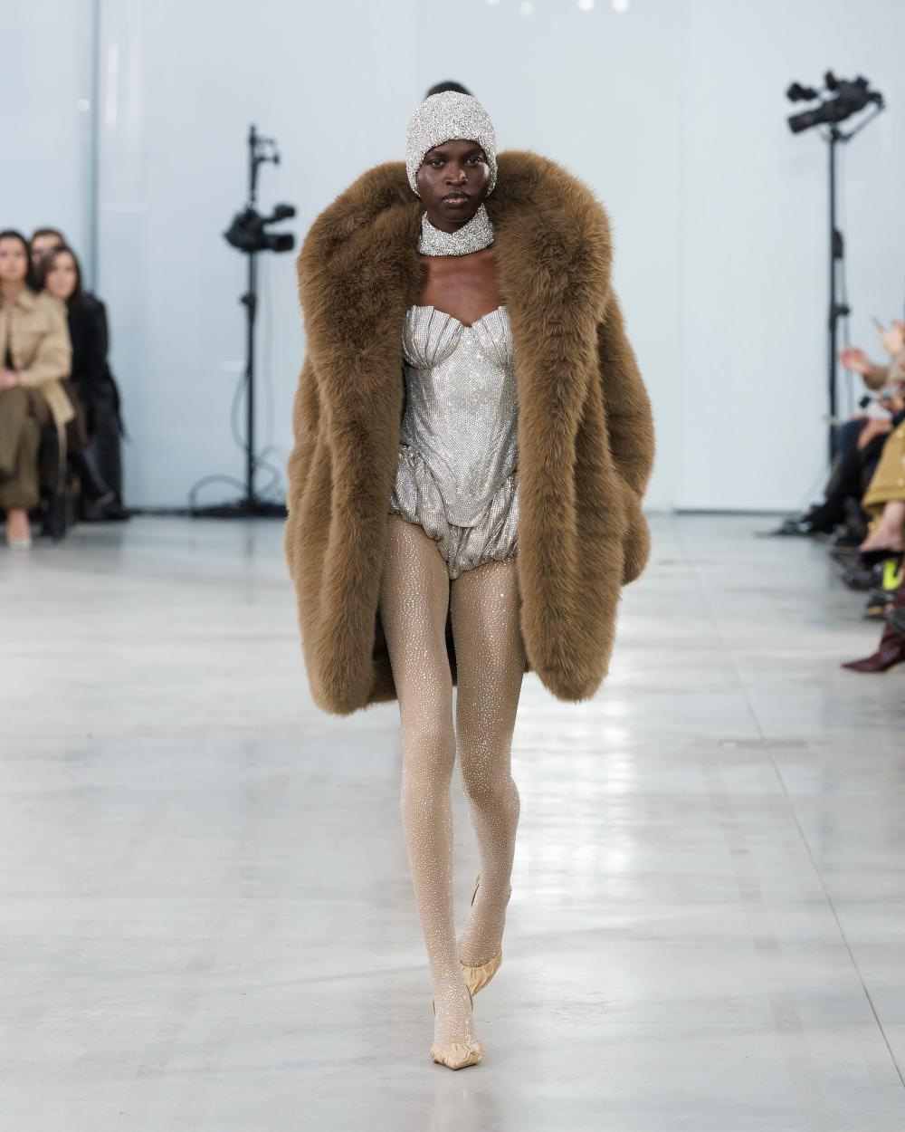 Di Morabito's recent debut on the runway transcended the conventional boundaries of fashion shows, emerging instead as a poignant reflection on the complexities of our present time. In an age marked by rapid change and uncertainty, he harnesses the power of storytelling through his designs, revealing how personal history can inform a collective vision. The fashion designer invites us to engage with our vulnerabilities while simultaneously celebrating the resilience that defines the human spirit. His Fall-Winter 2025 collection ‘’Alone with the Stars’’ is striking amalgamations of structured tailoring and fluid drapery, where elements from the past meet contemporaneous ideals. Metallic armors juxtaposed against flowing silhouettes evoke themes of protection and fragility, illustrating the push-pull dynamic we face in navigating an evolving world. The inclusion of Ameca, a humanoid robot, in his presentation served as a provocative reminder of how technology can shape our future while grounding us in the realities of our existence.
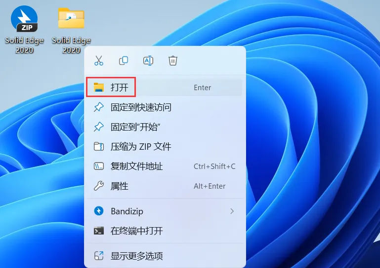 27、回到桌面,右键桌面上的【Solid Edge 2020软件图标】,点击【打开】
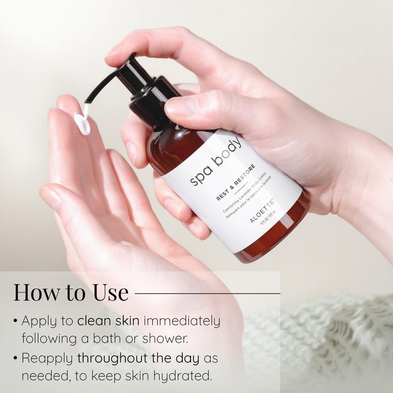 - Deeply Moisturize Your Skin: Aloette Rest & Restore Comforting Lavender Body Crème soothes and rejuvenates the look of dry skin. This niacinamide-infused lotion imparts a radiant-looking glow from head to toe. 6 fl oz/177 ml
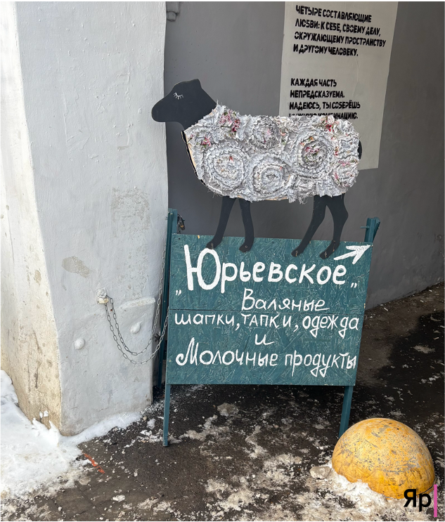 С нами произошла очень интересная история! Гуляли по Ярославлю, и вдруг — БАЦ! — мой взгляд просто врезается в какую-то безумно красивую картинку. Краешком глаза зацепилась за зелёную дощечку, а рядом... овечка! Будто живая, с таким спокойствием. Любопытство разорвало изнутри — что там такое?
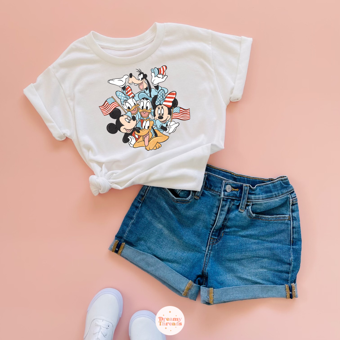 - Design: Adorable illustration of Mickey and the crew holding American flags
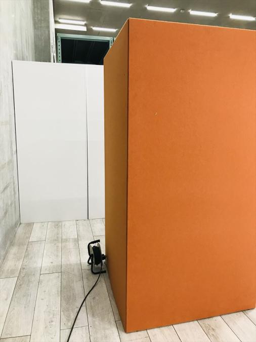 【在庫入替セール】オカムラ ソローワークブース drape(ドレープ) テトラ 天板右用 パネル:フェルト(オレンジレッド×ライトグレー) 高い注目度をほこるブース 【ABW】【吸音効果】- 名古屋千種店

━━━━━━━━━━━━━━━━

▶ **Problem**
Leave the pictures aside and transcribe only the lines from the one holding "- Deeply Moisturize" through the final line of the records above.

▶ **Answer space**
 - Deeply Moisturize Your Skin: Aloette Rest & Restore Comforting Lavender Body Crème soothes and rejuvenates the look of dry skin. This niacinamide-infused lotion imparts a radiant-looking glow from head to toe. 6 fl oz/177 ml
 С нами произошла очень интересная история! Гуляли по Ярославлю, и вдруг — БАЦ! — мой взгляд просто врезается в какую-то безумно красивую картинку. Краешком глаза зацепилась за зелёную дощечку, а рядом... овечка! Будто живая, с таким спокойствием. Любопытство разорвало изнутри — что там такое?
 - Design: Adorable illustration of Mickey and the crew holding American flags
 【在庫入替セール】オカムラ ソローワークブース drape(ドレープ) テトラ 天板右用 パネル:フェルト(オレンジレッド×ライトグレー) 高い注目度をほこるブース 【ABW】【吸音効果】- 名古屋千種店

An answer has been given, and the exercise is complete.